III. CONSTITUTIONAL CLAIMS

The Smiths allege a claim against Delco and Blue Cross for the denial of health care benefits based on the fifth and fourteenth amendments to the Constitution. Complaint ¶ 21. The fifth and fourteenth amendments apply, however, only to actions by state or federal governments, and not acts of private persons or private entities. See, e.g., Tulsa Professional Collection Services v. Pope, 485 U.S. 478, 108 S.Ct. 1340, 99 L.Ed.2d 565 (1988) (fourteenth amendment); San Francisco Arts & Athletics v. Olympic Comm., 483 U.S. 522, 107 S.Ct. 2971, 97 L.Ed.2d 427 (1988) (fifth and fourteenth amendments); Rendell-Baker v. Kohn, 457 U.S. 830, 838-39, 102 S.Ct. 2764, 2769-70, 73 L.Ed.2d 418 (1982) (fourteenth amendment); Public Utilities Commission v. Pollak, 343 U.S. 451, 461, 72 S.Ct. 813, 820, 96 L.Ed. 1068 (1952) (fifth amendment); Civil Rights Cases, 109 U.S. 3, 11, 3 S.Ct. 18, 21, 27 L.Ed. 835 (1883) (fourteenth amendment). Because the plaintiffs have failed to allege facts that would support the allegations that Blue Cross and Delco acted in violation of the fifth and fourteenth amendments, these claims must be dismissed.
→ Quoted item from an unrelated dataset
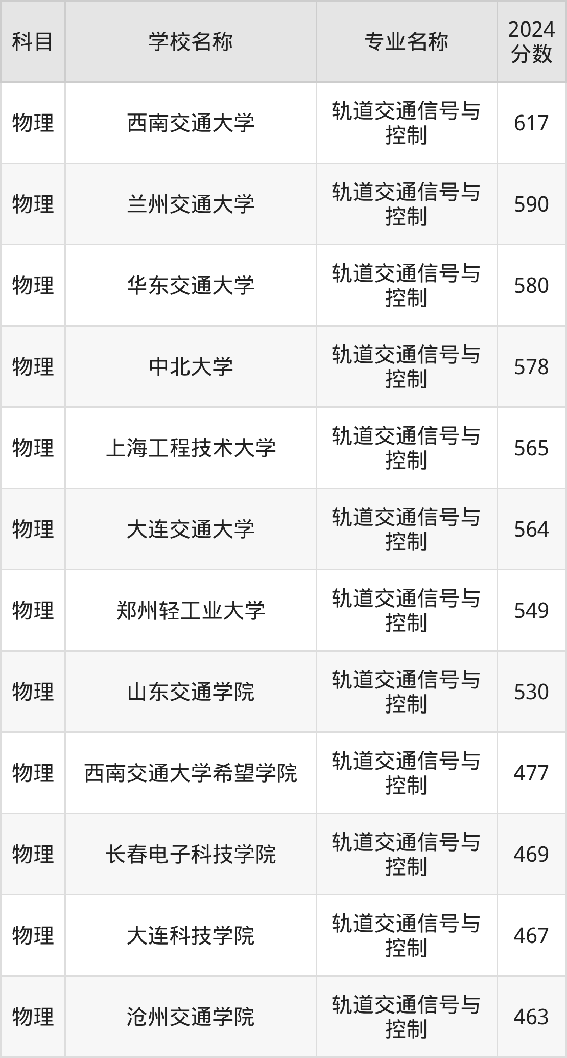 通过上文大家可以知晓,在江苏省内招轨道交通信号与控制专业的院校数量较少,所以下文将为2026届高考生继续展示:省外大学的轨道交通信号与控制专业2024年在江苏高考的录取情况,包含西南交通大学、兰州交通大学、华东交通大学、中北大学、上海工程技术大学。

Plaintiffs' assertions that state action is present in this case because the State of Wisconsin licenses and regulates the insurance industry, and that Delco is licensed to and does sell insurance in Wisconsin and that it is regulated by the Wisconsin Insurance Commissioner, are manifestly incorrect. Delco, a manufacturing division of General Motors Corporation, is not an insurer, and plaintiffs have not pleaded such facts in their complaint. That the insurance industry is regulated does not make a benefit claims decision state action. This Court rejected a similar argument by the same counsel in Tomczyk v. Blue Cross and Blue Shield of Wisconsin, 715 F.Supp. 914, 918 (E.D.Wis.1989), for § 1983: "The [insurer's] decision to deny benefits is a `purely private one', notwithstanding that it is licensed and regulated by the state." The plaintiffs' complaint does not allege any facts from which the conclusion can be drawn that Delco's or Blue Cross' decisions to deny plaintiffs benefits are state action.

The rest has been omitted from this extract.